雖然大家他們被人喊作海寇,但是需得知道,在最開始的時候,這些海寇原本也是襄朝陸地上的百姓。

祖宗往上數幾代他們都是住在陸地上的,所以他們骨子裏當然是很希望能住在安安穩穩的地上。

實心的,住著放心安心。

所以雖然到了海上,內心依舊向往這片家鄉,但是被生活所迫,只得將就。

然後他們就看到守望的那些百姓紛紛放棄了自己的房子,轉而遷到裏內地裏。

這些海寇大喜過望,甚至直接將沿海的空房據為己有,之後每次打劫完也不回去了,就地便在守望的房中歇下。

欺人太甚,簡直欺人太甚!

這和闖入主人家連吃帶拿,還要在主人家頭上拉屎有什麽區別?!

泰和帝聽到這裏,氣得一腳便將霍能覺踹出十米遠。
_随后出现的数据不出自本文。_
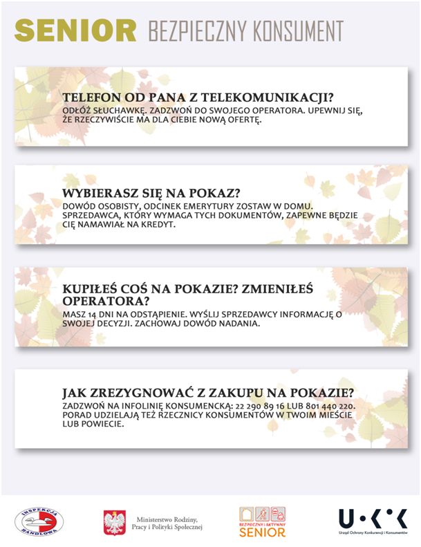 Z tej okazji Urząd Ochrony Konkurencji i Konsumentów przypomina o prawach osób starszych. – Wpływa do nas bardzo dużo skarg od konsumentów w podeszłym wieku lub ich rodzin. Te osoby są oszukiwane –ktoś podszywa się pod ich sprzedawcę prądu, zapraszane są na rzekomo bezpłatne badania, których wiarygodność jest wątpliwa. Cały czas odbywają się prezentacje drogich naczyń do gotowania. Sprawdziliśmy, że w samej Łodzi w ciągu roku odbyło się 600 pokazów w 80 hotelach! Skala jest bardzo duża - mówi Marek Niechciał, prezes Urzędu Ochrony Konkurencji i Konsumentów. – Przygotowaliśmy specjalną pomoc prawną dla tych z Państwa, którzy zostali wprowadzeni w błąd, ponieważ ktoś podszył się pod Państwa sprzedawcę prądu, gazu czy operatora telekomunikacyjnego– dodaje Niechciał.
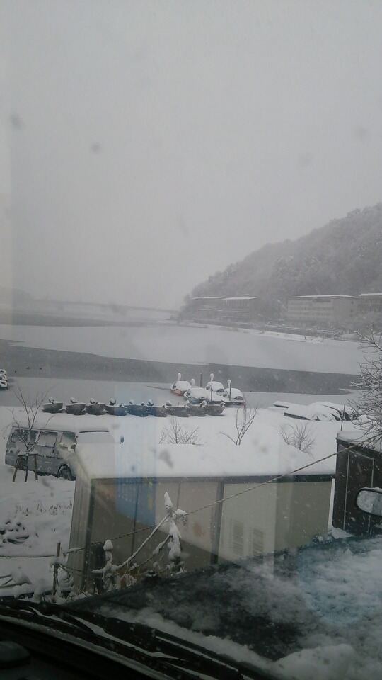 河口湖は、湖も白くなってました。
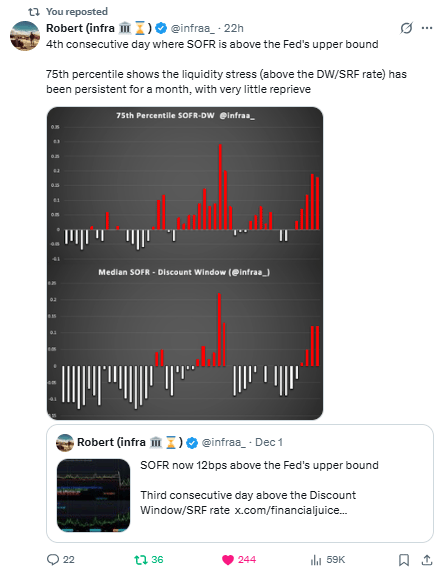 When overnight rates trade above the policy ceiling (and even above the SRF/Discount Window), it means balance sheets and good collateral are scarce.
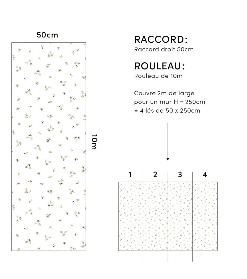 Ce produit est composé de 2 rouleaux : Chaque rouleau contient 4 panneaux de 50 x 248 cm à assembler ensemble (panneau 1 à 4)

然後霍能覺被人拖回來,泰和帝還不解氣,再踹十米遠。再拖回來,泰和帝依舊不解氣,又踹十米遠......

被泰和帝連踹幾腳的霍能覺已經是口吐鮮血。

俞靖洲只冷眼瞥他一眼,心裏沒有任何同情。

但是霍能覺在守望可是威風得很呢。

當時霍能覺放心讓海寇進來時候,原本以為會如從前一般順利,但是霍能覺左等右等不見朝廷的銀兩發下來,於是他著急上火了。

但是那些海寇比他更加著急上火,剛開始還派人好言好語的詢問為什麽朝廷的銀子還不到,後來霍能覺支支吾吾,這些強盜便不幹了。

說好的付費搶劫呢?!

老子都搶了這麽久了,居然銀子還不到!

這些海寇占霍能覺的便宜占習慣了,往日都是百依百順,要什麽霍能覺就給什麽的,可是現在霍能覺突然不聽話了,居然敢不聽話,這些人便只以為是霍能覺拿喬,想談條件。

海寇首領一怒之下怒了一下,幹脆帶人跑到了守望的最北邊,也就是夏州境邊。

這可嚇壞了霍能覺。

若是只在守望境內,一切好說,畢竟這裏是他的地盤,可是夏州又不歸他管,那群海寇跑到夏州境邊耀武揚威,是要斷了他的生路。

這個道理霍能覺知道,海寇自然也知道。

守望上一屆將領劉年陳在任時候,他們這些海寇過的都是一些沒臉沒皮人嫌狗恨的苦日子。後來霍能覺來了,雖然他們仍舊沒臉沒皮,仍舊人嫌狗恨,但是最起碼日子也是好起來了。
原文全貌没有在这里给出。